If someone could just give me some basic instructions on what to press and when that would be great. I know the left had switches are for the water tank levels, that's about it!


----------



## 113016 (Jun 5, 2008)

The battery switch will be up for 1 which I think is the engine battery and down for 2 which will be the leisure battery. (or the other way around. If you use some hab 12 volt, you should see which way it is.
The switch to the right will turn the habitation 12 volt on or off

The gauge on the right will show how much 12 volt power you are using
The gauge on the left shows the battery state and as you already know, the water tank state


----------



## wobby (May 1, 2005)

First switch frischasser (fresh water) abwasser ( waste water ) when you press switch a read out on the meter next to switch shows the amount in tanks. Next switch shows battery levels in engine and habitation battery's read of the same meter as water leval thats the one on the left of the switch. The meter on the right shows charge and discharge rate from habitation battery the last switch is power on / off. This is all from memory as its a long time ago that I owned a 544. 

Wobby


----------



## spannerhead (Sep 5, 2009)

Thanks, that's useful, so I need to know when to switch the right hand toggle switch up or down when I'm driving, parked up with 240v power, or wild camping using all the 12v systems, that's what I'm confused about.


----------



## icer (Dec 11, 2006)

Spannerhead
Reserve Aus switch is I think a dummy

Unscrew panel and take a look, there is probably nothing going to it

Ian


----------



## peejay (May 10, 2005)

spannerhead said:


> Thanks, that's useful, so I need to know when to switch the right hand toggle switch up or down when I'm driving, parked up with 240v power, or wild camping using all the 12v systems, that's what I'm confused about.
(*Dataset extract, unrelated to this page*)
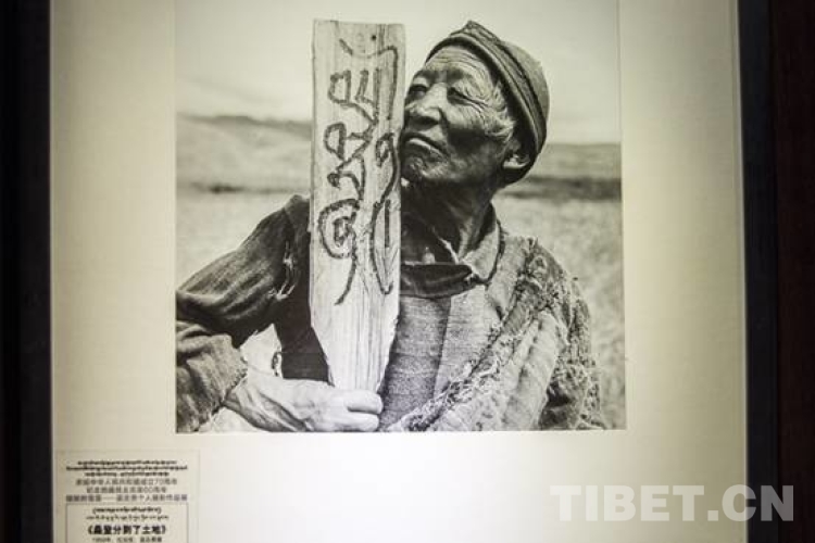珍貴的照片《桑登分到了土地》拍攝于1959年,身世悲苦的老農(nóng)奴桑登,在分到土地那一天,他把那象征分土地的木牌緊緊地貼在臉頰上,這個木牌上寫著藏文:桑登田。

The 'hauptschalter' (main switch) will isolate your leisure battey if turned off (12v aus).
Probably best to switch this off when driving but not crucial. 
Definitely switch it off when the van is left unattended, just in case you've mistakenly left something on or there is a problem in the 12v system.
While pitched up and using the van leave it on (12v ein).
It shouldn't affect use of any direct 240v equipment (mains sockets, fridge on mains etc) only waterpump, lights etc.

Pete


----------



## spannerhead (Sep 5, 2009)

Brilliant thanks, that's exactly what I needed to know


----------